Мы долго курили в машине, потом Давид дал разрешение трогать и понеслось.
Несколько пунктов остановки. Я, он, его люди, подписи на документах. Эмин молодец. На меня не только квартиры и ресторан были оформлены. У меня еще, оказывается, несколько автомобилей есть и пара ИП с услугами по ремонту техники и отделке помещений, и даже магазины. Ну, как магазины. В составе учредителей организации имеющей торговую сеть. Вроде и смешно и переебать кому-то хочется. Нет, не потому, что на меня столько оформлено, а потому, что я знала дла чего.
«…у тебя три месяца… мне нужно качество».
«… я у тебя не вижу. И видеть. Никогда. Не желаю».
Ресторан на набережной. После того, как я вывела бы до идеала, за этим бы последовала прочая моя собственность с лозунгом «сделай качество» ибо «моя жена, соответствуй».
«Саморазвитие наше все. В этом мы с вами схожи».

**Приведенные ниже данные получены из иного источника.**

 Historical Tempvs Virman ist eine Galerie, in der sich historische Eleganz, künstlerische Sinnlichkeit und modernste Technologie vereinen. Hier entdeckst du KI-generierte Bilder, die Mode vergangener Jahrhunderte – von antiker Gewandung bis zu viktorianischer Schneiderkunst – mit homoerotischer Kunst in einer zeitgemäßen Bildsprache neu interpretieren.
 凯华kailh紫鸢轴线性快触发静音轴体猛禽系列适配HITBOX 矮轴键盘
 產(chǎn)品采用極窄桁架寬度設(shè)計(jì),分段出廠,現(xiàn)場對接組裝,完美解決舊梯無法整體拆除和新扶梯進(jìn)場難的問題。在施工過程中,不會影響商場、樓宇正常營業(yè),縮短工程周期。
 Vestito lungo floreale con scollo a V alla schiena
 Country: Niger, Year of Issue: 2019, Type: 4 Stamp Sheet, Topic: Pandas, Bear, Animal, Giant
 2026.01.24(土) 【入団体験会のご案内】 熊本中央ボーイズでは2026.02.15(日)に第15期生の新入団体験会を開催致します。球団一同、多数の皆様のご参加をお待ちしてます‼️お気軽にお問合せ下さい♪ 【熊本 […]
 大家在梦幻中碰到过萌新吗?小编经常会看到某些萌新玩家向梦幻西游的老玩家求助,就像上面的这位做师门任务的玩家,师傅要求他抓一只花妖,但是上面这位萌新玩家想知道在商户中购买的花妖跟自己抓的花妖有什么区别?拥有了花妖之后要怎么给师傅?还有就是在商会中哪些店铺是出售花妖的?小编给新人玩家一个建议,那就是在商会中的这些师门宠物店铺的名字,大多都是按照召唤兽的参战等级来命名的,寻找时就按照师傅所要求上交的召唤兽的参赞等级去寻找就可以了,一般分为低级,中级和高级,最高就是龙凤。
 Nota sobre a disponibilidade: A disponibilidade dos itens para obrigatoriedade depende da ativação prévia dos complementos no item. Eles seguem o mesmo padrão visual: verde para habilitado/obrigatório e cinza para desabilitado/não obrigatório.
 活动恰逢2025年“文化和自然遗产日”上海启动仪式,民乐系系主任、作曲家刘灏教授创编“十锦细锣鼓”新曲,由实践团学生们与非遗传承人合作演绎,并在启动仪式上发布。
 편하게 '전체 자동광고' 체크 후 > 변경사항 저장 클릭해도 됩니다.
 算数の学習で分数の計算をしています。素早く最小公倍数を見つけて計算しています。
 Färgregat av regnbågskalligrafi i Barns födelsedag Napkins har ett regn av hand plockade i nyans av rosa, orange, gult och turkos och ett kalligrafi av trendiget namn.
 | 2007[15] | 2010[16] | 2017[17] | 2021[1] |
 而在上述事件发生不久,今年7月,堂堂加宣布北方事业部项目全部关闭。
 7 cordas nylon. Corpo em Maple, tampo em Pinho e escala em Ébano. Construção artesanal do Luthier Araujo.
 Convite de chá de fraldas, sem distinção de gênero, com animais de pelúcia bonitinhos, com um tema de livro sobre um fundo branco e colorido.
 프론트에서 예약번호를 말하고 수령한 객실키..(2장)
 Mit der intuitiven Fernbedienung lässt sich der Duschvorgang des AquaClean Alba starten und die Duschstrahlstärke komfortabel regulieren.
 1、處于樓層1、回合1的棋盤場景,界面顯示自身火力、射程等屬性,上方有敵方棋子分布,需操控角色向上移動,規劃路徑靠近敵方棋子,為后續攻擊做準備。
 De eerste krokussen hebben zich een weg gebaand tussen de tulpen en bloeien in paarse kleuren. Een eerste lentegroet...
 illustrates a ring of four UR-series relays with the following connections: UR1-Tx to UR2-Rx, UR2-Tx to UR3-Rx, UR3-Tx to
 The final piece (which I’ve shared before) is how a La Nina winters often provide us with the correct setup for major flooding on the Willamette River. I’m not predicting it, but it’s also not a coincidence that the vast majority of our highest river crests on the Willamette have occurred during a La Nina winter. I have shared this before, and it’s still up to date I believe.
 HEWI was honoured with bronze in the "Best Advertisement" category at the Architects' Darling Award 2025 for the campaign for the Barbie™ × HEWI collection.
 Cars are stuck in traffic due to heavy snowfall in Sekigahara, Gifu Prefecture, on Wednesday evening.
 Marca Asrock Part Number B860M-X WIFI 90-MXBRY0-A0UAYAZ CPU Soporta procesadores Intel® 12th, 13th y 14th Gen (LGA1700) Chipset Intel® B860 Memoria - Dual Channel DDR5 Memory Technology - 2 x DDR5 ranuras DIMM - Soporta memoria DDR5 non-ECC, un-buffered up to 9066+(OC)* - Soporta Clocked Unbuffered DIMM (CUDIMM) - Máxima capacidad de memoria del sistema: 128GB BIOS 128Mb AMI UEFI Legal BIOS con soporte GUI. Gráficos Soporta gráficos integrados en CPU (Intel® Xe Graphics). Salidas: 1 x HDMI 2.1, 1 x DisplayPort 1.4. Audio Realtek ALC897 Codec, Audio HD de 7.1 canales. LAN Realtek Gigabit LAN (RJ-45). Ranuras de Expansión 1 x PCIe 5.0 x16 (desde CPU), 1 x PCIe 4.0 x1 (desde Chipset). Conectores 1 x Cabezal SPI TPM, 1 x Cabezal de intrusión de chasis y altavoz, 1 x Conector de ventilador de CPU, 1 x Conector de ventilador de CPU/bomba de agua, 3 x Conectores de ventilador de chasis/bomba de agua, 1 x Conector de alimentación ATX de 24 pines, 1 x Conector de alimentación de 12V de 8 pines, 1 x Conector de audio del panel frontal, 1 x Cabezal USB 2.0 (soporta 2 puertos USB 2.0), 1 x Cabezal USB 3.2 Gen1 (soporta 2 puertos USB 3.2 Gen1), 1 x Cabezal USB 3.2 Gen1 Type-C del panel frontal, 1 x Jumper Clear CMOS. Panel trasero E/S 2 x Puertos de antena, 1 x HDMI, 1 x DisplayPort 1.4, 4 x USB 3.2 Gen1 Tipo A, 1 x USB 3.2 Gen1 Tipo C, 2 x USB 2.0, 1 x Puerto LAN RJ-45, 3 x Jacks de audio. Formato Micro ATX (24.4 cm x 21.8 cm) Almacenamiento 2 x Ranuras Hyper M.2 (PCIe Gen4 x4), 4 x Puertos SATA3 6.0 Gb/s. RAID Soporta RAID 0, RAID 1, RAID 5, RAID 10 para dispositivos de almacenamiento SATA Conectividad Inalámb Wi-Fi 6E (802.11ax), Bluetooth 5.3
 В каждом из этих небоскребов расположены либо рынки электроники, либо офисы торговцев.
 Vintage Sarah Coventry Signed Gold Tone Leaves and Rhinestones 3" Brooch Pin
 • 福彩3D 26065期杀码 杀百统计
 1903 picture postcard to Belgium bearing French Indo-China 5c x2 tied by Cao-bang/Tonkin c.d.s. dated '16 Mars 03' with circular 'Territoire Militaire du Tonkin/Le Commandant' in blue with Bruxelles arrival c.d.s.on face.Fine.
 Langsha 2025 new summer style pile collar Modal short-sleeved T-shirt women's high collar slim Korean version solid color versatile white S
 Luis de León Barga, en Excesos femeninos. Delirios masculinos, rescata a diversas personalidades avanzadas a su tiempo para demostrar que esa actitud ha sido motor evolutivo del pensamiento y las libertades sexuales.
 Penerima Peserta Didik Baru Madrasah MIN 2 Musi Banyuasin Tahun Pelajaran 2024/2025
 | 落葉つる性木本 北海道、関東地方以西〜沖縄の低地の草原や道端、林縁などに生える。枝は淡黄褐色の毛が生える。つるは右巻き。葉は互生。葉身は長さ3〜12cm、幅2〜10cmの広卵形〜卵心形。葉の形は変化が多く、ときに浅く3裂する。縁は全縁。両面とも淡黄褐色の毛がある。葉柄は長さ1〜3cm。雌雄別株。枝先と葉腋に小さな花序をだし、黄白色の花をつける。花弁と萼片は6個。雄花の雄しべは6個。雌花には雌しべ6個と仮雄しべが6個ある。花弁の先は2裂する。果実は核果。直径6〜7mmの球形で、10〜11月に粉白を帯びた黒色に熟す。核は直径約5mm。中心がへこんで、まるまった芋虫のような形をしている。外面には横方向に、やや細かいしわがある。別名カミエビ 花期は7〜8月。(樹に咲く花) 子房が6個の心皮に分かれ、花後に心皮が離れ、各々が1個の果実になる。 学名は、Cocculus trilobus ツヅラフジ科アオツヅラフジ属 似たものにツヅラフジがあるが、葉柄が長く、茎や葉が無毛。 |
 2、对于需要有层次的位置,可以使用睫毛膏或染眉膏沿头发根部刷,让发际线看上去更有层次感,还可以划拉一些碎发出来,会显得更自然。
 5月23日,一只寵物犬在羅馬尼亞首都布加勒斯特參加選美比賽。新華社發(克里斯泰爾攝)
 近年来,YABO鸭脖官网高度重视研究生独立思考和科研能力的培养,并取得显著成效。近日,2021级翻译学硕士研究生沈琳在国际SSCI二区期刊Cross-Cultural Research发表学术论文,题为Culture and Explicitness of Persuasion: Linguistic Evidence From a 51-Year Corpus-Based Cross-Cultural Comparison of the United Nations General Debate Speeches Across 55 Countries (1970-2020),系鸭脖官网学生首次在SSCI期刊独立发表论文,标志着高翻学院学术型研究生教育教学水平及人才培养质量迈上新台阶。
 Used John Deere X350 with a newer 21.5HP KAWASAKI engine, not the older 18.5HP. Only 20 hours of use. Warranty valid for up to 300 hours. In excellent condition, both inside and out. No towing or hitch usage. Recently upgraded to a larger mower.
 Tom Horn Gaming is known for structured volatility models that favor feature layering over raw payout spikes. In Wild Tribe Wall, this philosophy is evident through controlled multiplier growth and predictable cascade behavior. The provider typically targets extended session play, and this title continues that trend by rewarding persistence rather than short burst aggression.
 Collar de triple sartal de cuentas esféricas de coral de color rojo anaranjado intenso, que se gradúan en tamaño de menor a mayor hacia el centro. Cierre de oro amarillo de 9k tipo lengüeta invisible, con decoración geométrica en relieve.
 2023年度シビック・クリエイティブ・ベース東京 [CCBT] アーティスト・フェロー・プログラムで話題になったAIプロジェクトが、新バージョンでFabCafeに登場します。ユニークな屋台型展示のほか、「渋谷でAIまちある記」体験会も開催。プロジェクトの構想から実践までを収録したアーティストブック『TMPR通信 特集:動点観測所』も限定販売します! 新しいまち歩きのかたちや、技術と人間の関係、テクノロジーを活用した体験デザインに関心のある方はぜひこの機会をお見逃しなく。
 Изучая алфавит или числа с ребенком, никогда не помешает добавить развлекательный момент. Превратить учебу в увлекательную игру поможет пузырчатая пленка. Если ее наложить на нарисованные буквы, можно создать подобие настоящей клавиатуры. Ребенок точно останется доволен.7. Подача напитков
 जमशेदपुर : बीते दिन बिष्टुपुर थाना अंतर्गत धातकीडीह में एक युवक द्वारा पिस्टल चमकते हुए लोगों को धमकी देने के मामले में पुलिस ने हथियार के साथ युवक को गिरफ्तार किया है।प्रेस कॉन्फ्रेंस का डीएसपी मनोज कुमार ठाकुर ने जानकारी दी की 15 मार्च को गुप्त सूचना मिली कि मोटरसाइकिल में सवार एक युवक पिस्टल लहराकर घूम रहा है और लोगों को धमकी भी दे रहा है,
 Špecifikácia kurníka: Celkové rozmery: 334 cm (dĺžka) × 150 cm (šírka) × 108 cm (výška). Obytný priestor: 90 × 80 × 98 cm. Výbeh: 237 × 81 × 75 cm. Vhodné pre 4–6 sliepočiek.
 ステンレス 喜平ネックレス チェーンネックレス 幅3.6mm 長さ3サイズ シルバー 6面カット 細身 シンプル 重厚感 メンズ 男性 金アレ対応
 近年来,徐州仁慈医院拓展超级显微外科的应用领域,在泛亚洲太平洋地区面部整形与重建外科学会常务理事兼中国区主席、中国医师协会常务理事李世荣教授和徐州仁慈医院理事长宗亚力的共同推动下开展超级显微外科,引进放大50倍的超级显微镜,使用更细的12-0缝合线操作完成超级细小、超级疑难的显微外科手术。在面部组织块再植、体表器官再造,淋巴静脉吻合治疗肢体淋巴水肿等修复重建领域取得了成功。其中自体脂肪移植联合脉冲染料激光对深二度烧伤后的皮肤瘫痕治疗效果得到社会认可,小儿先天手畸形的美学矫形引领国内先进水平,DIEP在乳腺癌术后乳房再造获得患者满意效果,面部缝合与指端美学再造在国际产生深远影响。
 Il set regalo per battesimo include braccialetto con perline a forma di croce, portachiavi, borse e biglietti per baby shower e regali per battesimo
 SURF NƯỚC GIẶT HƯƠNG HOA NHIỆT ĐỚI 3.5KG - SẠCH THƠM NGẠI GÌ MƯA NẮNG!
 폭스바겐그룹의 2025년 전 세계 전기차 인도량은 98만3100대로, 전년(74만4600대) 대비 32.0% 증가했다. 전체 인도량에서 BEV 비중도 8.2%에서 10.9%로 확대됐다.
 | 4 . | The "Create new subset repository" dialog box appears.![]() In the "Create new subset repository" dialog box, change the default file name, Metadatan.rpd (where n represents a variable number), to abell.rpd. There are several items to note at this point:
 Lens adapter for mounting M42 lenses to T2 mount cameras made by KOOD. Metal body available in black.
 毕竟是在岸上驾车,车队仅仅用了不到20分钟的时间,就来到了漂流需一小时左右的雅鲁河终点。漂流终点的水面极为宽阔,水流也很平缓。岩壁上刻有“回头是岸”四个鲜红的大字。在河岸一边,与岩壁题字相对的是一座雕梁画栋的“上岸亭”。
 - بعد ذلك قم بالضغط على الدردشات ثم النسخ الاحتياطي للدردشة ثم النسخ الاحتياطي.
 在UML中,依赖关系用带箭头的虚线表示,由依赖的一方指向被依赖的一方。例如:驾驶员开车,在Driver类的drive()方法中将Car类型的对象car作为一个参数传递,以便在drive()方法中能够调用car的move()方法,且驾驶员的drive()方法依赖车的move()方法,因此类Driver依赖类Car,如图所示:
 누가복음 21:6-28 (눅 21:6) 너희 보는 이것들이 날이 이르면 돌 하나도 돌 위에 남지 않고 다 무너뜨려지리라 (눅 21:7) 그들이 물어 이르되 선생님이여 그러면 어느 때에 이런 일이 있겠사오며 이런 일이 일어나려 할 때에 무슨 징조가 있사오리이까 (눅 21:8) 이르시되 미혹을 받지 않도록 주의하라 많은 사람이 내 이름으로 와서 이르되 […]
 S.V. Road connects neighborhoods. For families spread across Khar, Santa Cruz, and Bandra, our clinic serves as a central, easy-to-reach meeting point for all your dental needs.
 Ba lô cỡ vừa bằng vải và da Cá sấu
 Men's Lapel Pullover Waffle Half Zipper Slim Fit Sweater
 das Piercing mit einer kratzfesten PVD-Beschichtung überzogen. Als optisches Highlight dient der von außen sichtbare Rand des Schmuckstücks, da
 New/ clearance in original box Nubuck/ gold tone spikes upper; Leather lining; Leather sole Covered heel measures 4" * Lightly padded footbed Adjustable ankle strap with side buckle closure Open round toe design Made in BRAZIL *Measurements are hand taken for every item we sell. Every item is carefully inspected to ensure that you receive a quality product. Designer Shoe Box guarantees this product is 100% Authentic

Все его фразы имеют смысл, а когда приходит время, то понимаешь всю глубину, заложенную, на первый взгляд, в однозначные слова.
Я знала, что жизнь с ним будет не легка, но чтобы настолько увлекательна… Болезненный укол в сердце, что этого может никогда не случиться.
Подпись в последнем договоре и никотин в венах и выдохе в окно. Уготованный путь к пьедесталу, но без знающих рук королевский расклад не получить, ибо вероятность менее одного процента. Эмин потрясающе составляет комбинации, но только в его пальцах это имеет смысл и силу. Только в его.
Время близилось к десяти. Я сидела на заднем сидении рядом с Давидом, изредка притрагивающегося к черному рому и полностью погруженного в бесчисленные документы, планшет, телефонные разговоры. Курил он часто, я нет. Мне хватало того, как он дымил. Я с ним так брошу, наверное.
— Да пошли все на хуй, заебали. — Резюмировал он, закончив очередной звонок, поставил телефон на беззвучный, сложил документы в аккуратную стопку и положил на сидении между нами. Пригубил ром и положил телефон на колено, наблюдая за входящими и дымя в окно.
Незнакомый мужик за рулем у него был типа Аслана у Эмина. То бишь и водитель и секретарша и охрана и еще непонятно кто. Неожиданно, но славянской внешности. Улучив момент, когда Давид взял перерыв, негромко и ровно произнес:
— Давид Амирович, Сафронов просил решить вопрос по авторемонтному.